Prismatic Plants Good Day

This blend of CBD, CBDa and adaptogenic herbs, like schisandra and rhodiola, delivers a smooth, calming focus, and a dose in the morning is easy to add to your wellness routine. This particular oil tincture helped me keep my head in the game while recording my very first podcast, Episode 62, “The Portlander’s Guide to Solving Inflation.” Considering my limited fiscal intelligence, I might have been nervous to discuss money matters publicly, but Prismatic Plants Good Day soothed my nerves, and the podcast went off without a hitch.

BUY: prismaticplants.com

Leif Goods Mint Hibiscus Bar

The most tedious part of one-man-band-style podcasting, for me, is the editing. While editing Episode 66, “The Tipping Point,” a multifaceted discussion about Oregon beer, for instance, I relied on a single square of a Leif Good Mint Hibiscus Bar to help put my mind and body at ease.
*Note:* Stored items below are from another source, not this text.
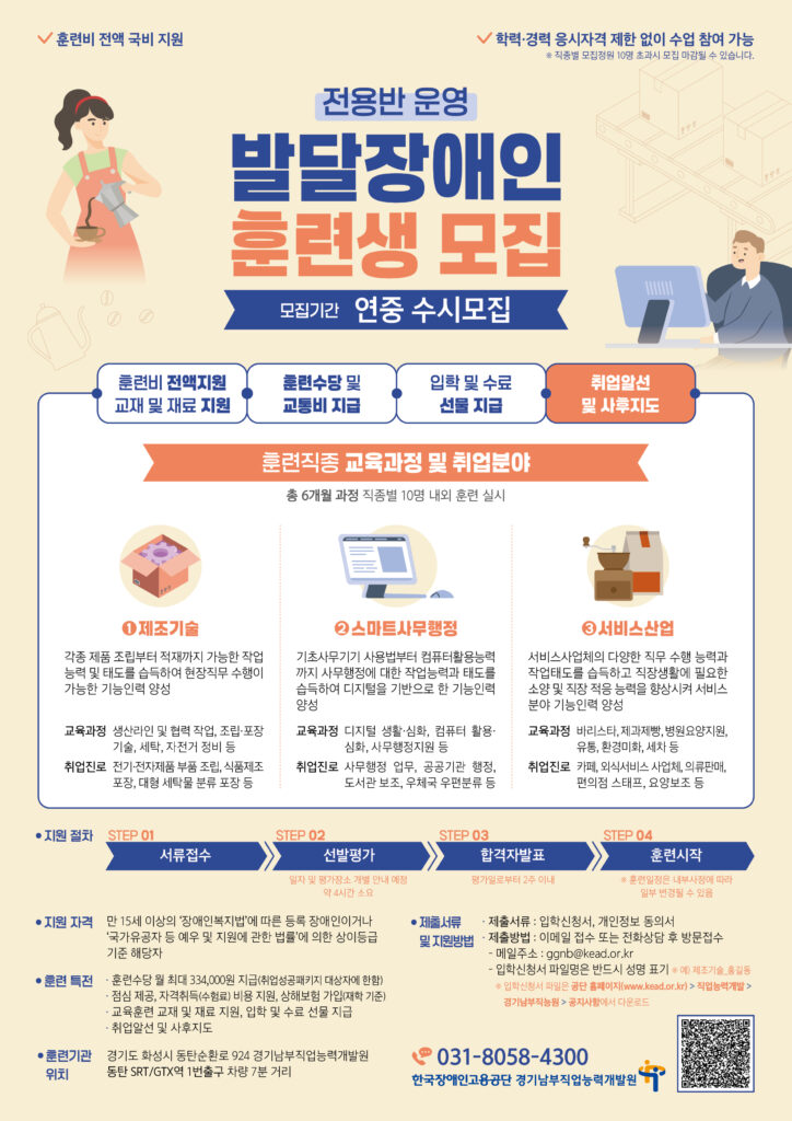 공지사항 PRINT 발달장애인 훈련생 모집 안내(수시모집) 2025.09.22 조회수 60 장애학생지원센터 share facebook twitter kakaotalk 카카오톡 앱이설치된 모바일 기기에서만공유 가능합니다. https://www.syu.ac.kr/sscd/2025/09/22/%eb%b0%9c%eb%8b%ac%ec%9e%a5%ec%95%a0%ec%9d%b8-%ed%9b%88%eb%a0%a8%ec%83%9d-%eb%aa%a8%ec%a7%91-%ec%95%88%eb%82%b4%ec%88%98%ec%8b%9c%eb%aa%a8%ec%a7%91/ 복사 Post Views: 60 발달장애-전용반-훈련생-모집상시-scaled.jpg (598.4 KB) facebook twitter kakaotalk 카카오톡 앱이설치된 모바일 기기에서만공유 가능합니다. 이전글 소방설비[전기] 산업기사과정 훈련생 모집안내(~10월30일까지) 다음글 취업역량 강화반 모집 안내 목록 장애학생들의 빛나는 학창 생활과 함께 합니다 장애학생지원센터
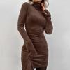 Elegancka Srebrna Welurowa Dopasowana Sukienka z Wysokim Dekoltem - Moda Jesień 2024 — kup artykuł online z bezpłatną dostawą na cały świat!
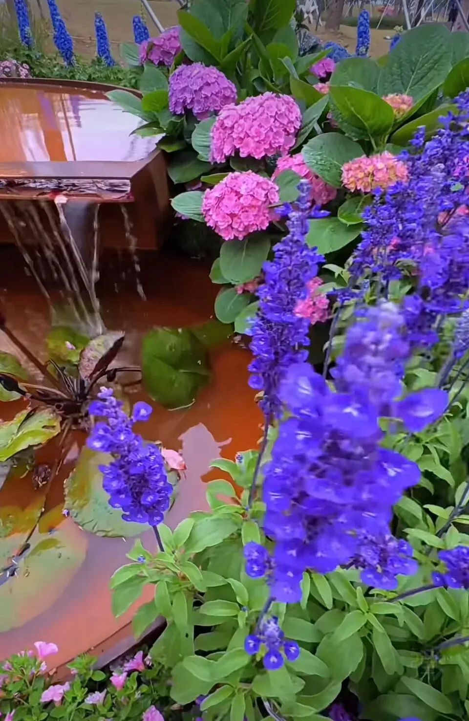 湖畔繁花簇拥,一汪湖水澄澈如镜,成了表演的天然舞台。
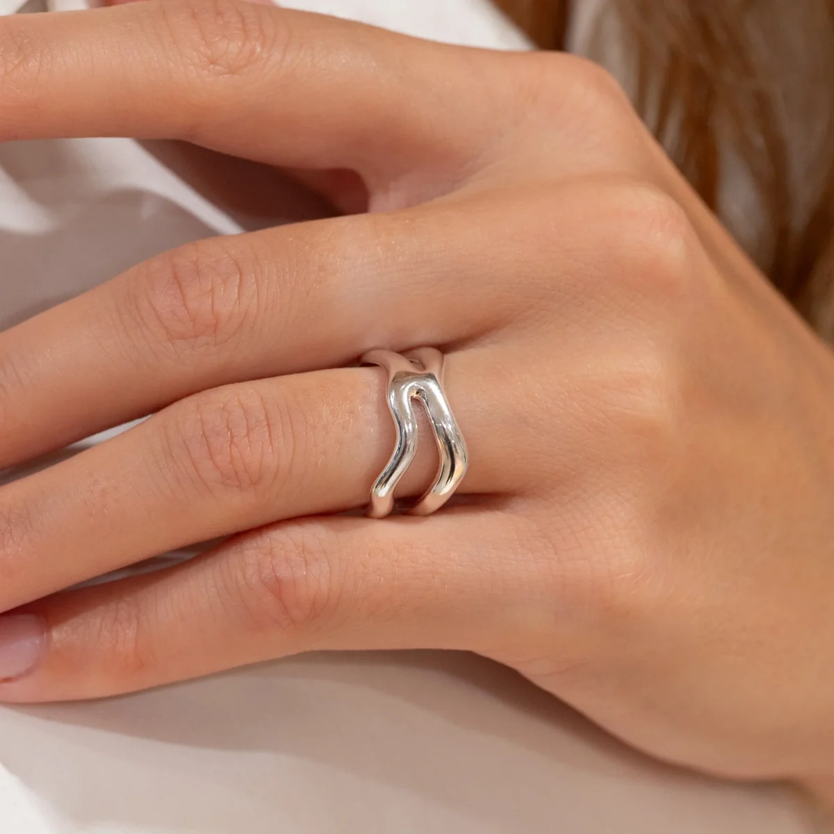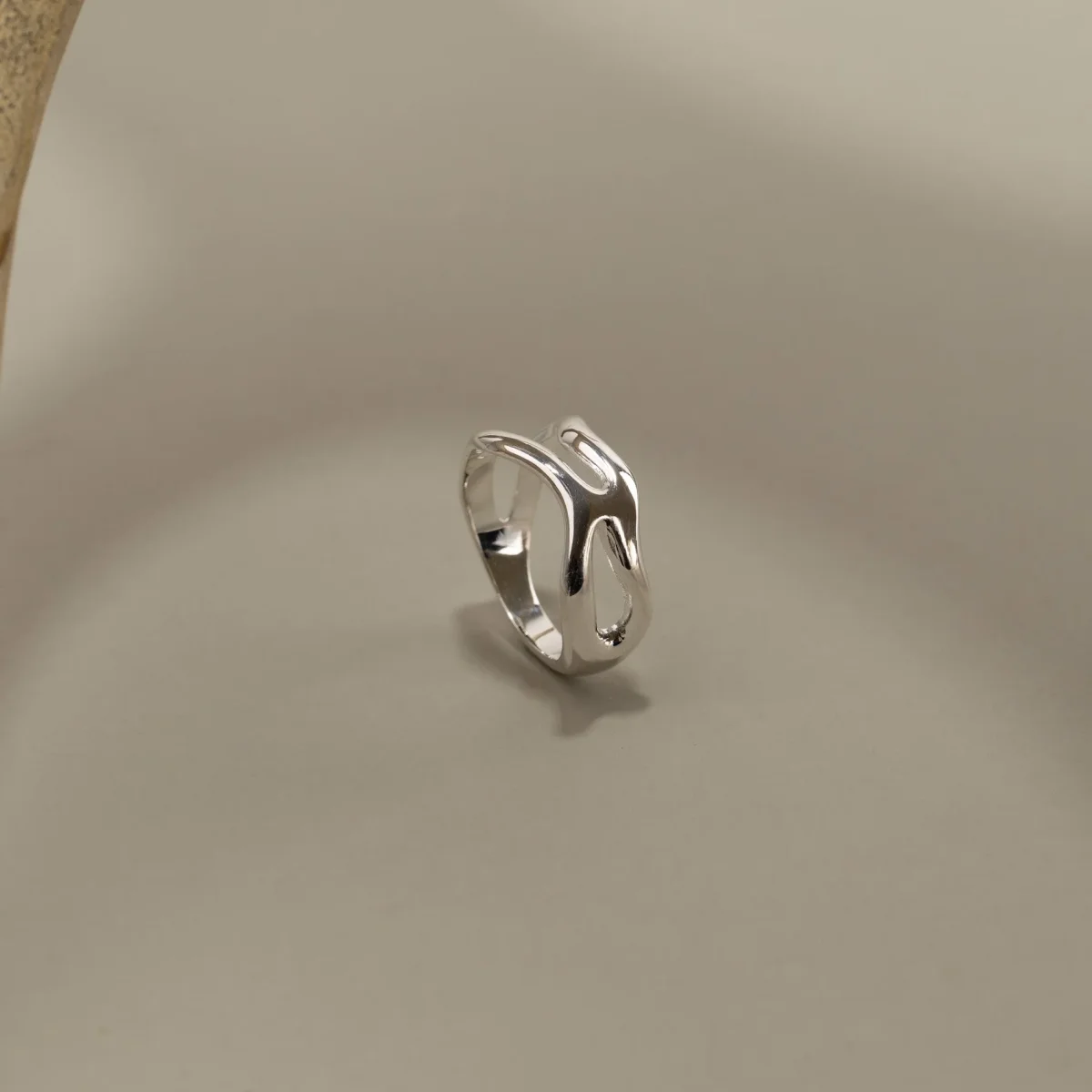 Ring i 100% återvunnet 925 sterlingsilver med en organisk design. De mjuka formerna ger ringen ett feminint och unikt uttryck som drar blickarna till sig. Bär den ensam som ett stilrent statement-smycke, eller kombinera med andra ringar för en mer personlig och sammansatt look.

Pulling apart a conversation and then rejiggering it so that the flow is easy and conversational can be tedious—consider all of the uhhhs, hmmms and thoughtful pauses that need to be cut. Anyone whose work includes file organization or creating spreadsheets will feel me—this kind of focused work can be a mind-melting drag. But when you’re in the right headspace, say, supported by one or two 5 mg squares of Leif Goods artisan chocolate, you can end up feeling meditative and satisfied upon completion of the task.

BUY: Home Grown Apothecary, 1937 NE Pacific St., 503-232-1716, homegrownapothecary.com.

Barbari Muse Spliff

Barbari’s smoking blends are potpourris with multiple applications as bath soaks, tea herbs, and a flowery incense. These spliffs marry traditional smoking herbs with cannabis to modify the potency of the weed and highlight the entourage effect, when other compounds act synergistically with THC. After interviewing Pulitzer Prize-winning journalist Nigel Jaquiss about Democratic gubernatorial candidate Tina Kotek for Episode 65, “The Kotek Puzzle,” a few drags of this spliff helped me pivot from conversational interviewer mode to relaxed, deep-thinker mode, which is exactly where I need to be while scripting monologues and sifting through discussion details.
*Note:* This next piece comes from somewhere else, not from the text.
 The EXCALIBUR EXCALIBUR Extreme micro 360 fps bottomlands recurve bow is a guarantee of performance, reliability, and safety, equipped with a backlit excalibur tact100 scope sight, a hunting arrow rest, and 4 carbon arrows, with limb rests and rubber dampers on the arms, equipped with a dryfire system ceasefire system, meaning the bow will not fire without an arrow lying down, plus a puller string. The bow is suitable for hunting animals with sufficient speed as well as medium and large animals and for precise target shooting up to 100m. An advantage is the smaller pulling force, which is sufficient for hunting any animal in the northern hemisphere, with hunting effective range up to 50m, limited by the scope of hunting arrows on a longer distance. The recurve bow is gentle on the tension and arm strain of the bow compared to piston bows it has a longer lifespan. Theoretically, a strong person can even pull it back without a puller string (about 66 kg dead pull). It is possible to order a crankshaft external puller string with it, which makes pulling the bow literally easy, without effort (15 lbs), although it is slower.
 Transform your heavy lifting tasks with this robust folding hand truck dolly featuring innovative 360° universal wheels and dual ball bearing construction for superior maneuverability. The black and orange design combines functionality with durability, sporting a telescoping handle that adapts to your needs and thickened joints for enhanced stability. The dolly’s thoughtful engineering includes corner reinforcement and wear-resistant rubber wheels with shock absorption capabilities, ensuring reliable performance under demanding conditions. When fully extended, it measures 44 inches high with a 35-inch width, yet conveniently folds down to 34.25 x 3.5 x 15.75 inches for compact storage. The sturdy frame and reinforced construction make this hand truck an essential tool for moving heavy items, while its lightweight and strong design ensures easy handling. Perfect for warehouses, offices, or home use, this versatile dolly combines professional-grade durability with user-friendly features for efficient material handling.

BUY: Bridge City Collective, 215 SE Grand Ave., 503-477-9532, bridgecitycollective.com.

Hapy Kitchen Hard Candies

For all the satisfaction that comes from a job well done, work can still jangle the bejeezus out of my nerves, and these hard candies cover two soothing bases: satisfying my oral fixation and delivering a potent 5 mg of THC. While discussing particularly frustrating political norms with Rachel Monahan for Episode 70, “Bitcoin Republic,” the modest chill delivered by one mango hard candy kept me from repeatedly grunting in frustration and hollering “WHY EVEN IS MONEY?” over the amount of cash spent on go-nowhere political campaigns and how much savings I’m losing to inflation.

BUY: Rose Budz PDX, 2410 N Mississippi Ave., 503-208-3955, rosebudzpdx.com.

Peak Extracts Rescue Rub

As a stoned, old lady podcaster still learning the ropes, the one thing I definitely notice is how podcasting affects my sweet bod. After long bouts of typing and editing, my wrists often cramp and creak, and I’m often too sore to function once I close my laptop. I manage this pain with Peak Extracts Rescue Rub. While recording interviews for Episode 72, “Pod Complex,” with guests Sophie Peel and Rachel Saslow, my note-taking hand was far too stiff and tender to then immediately begin mousing around several tracks of unedited audio. I slathered my wrists, knuckles and fingers with Rescue Rub and took an extended break from the computer screen. An hour or so later, my pain had eased and I was able to jump right back in and finish the podcast, pain free.

BUY: The Kings of Canna, 1465 NE Prescott St., C, 971-319-6945, thekingsofcanna.com.